A cave interior with several people standing on a ledge in the distance. There is a light shining along one side.
Fabrice Demeter

I have a kid about to pursue an anthropology major, so I’ve been hyper focused on all things anthropology lately. The field encompasses such a vast range of study and research and discovery, and this story is a perfect example. U of I Anthropology Professor Laura Shackelford, alongside Fabrice Demeter from University of Copehagen and a team of researchers, has invested 15 years of work in Tam Pa Ling cave in northeastern Laos. That work has revealed the existence of humans in that area for more that 70,000 years. From the College of Liberal Arts and Sciences:

In 2019, the team had excavated as far as they could in the cave, reaching bedrock about 23 feet (7 meters) below the surface. The excavations yielded dozens of animal bones and many fragments of human skeletal remains. The deepest human bone recovered – a partial tibia – was resting on bedrock near the bottom of the trench. Analyses of sediments taken not far above this bone indicate the soil was deposited there between 67,000 and 90,000 years ago.

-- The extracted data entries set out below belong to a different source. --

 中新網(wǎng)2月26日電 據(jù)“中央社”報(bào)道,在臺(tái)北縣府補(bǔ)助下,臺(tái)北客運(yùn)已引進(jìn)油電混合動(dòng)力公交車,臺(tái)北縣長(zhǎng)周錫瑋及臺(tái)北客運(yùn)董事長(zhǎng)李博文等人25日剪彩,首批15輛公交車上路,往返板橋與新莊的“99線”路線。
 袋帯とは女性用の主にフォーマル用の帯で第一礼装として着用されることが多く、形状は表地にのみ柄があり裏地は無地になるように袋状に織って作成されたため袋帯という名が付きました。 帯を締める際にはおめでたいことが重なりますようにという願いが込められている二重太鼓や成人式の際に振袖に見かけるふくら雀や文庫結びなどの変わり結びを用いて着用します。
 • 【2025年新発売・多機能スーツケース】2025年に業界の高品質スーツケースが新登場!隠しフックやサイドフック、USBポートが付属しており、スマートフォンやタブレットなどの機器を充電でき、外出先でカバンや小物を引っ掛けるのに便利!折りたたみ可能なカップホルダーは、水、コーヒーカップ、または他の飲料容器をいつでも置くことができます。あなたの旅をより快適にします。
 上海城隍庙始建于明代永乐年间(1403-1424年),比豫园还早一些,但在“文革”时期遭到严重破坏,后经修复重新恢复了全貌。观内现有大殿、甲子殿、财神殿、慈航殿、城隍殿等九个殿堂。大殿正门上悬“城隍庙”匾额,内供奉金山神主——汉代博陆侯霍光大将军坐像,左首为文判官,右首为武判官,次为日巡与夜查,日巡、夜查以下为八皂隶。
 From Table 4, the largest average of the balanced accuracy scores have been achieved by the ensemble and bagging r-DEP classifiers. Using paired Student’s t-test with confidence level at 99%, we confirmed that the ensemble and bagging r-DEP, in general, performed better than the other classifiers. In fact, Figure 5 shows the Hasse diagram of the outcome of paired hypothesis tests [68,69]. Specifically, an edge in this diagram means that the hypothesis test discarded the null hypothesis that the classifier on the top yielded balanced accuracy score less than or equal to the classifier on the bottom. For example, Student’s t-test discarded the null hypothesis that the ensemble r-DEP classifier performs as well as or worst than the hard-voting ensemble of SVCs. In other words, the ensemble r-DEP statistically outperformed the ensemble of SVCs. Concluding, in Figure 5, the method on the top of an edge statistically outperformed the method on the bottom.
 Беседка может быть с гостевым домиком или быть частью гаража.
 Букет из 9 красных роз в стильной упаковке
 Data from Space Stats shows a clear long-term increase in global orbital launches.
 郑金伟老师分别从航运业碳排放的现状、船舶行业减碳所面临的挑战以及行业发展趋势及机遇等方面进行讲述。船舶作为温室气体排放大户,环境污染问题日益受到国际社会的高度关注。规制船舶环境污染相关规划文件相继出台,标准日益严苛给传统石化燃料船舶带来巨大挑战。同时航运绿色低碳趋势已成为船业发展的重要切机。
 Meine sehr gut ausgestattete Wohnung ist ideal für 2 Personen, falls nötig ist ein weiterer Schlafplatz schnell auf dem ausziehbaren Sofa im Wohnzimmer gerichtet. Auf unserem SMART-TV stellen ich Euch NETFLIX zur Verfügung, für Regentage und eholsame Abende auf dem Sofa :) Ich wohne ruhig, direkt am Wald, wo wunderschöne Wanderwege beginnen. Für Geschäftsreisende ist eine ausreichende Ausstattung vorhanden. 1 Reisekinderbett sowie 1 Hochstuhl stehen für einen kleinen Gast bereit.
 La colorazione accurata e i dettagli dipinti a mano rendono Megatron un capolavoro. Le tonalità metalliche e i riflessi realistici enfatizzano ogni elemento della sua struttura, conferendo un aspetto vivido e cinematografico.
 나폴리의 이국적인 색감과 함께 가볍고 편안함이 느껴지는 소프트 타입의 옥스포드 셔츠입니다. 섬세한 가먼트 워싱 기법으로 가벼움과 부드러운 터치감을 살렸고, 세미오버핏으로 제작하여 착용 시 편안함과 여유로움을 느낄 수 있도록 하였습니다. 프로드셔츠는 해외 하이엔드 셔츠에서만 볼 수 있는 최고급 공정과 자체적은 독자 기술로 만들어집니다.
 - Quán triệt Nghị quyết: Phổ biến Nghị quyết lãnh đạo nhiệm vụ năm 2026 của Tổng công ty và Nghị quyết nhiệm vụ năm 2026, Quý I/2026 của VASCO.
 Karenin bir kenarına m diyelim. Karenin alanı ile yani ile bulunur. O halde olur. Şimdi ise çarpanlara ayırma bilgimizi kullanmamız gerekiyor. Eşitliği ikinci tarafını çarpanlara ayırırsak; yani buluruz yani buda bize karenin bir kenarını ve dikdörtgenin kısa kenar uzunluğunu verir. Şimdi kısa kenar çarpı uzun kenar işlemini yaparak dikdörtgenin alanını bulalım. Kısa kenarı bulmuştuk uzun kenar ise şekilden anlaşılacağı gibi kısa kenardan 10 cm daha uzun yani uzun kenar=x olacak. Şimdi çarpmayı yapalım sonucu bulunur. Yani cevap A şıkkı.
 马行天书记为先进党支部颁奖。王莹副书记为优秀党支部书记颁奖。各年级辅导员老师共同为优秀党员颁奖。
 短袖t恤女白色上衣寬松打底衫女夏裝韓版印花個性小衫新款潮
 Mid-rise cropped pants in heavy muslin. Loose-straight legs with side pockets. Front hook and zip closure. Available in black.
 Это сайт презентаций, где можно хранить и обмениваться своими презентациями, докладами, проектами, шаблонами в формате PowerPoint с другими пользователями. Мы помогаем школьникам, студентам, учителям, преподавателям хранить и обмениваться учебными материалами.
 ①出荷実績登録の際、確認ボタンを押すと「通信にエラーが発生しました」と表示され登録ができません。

Years and years of floods had washed the sediment and bone into the cave. There were also two skull pieces found at the site.

I stumbled upon this story just a couple of days after watching the 2005 horror movies The Descent, in which six women go on this cave adventure in North Carolina and end up being attacked by humanoid type predatory creatures that have adapted to living in caves. It sort of turned me off of wanting to go into a cave for a while. But what these researchers are doing is super cool, and it’s probably not at all scary.

Their findings are published in the journal Nature Communications.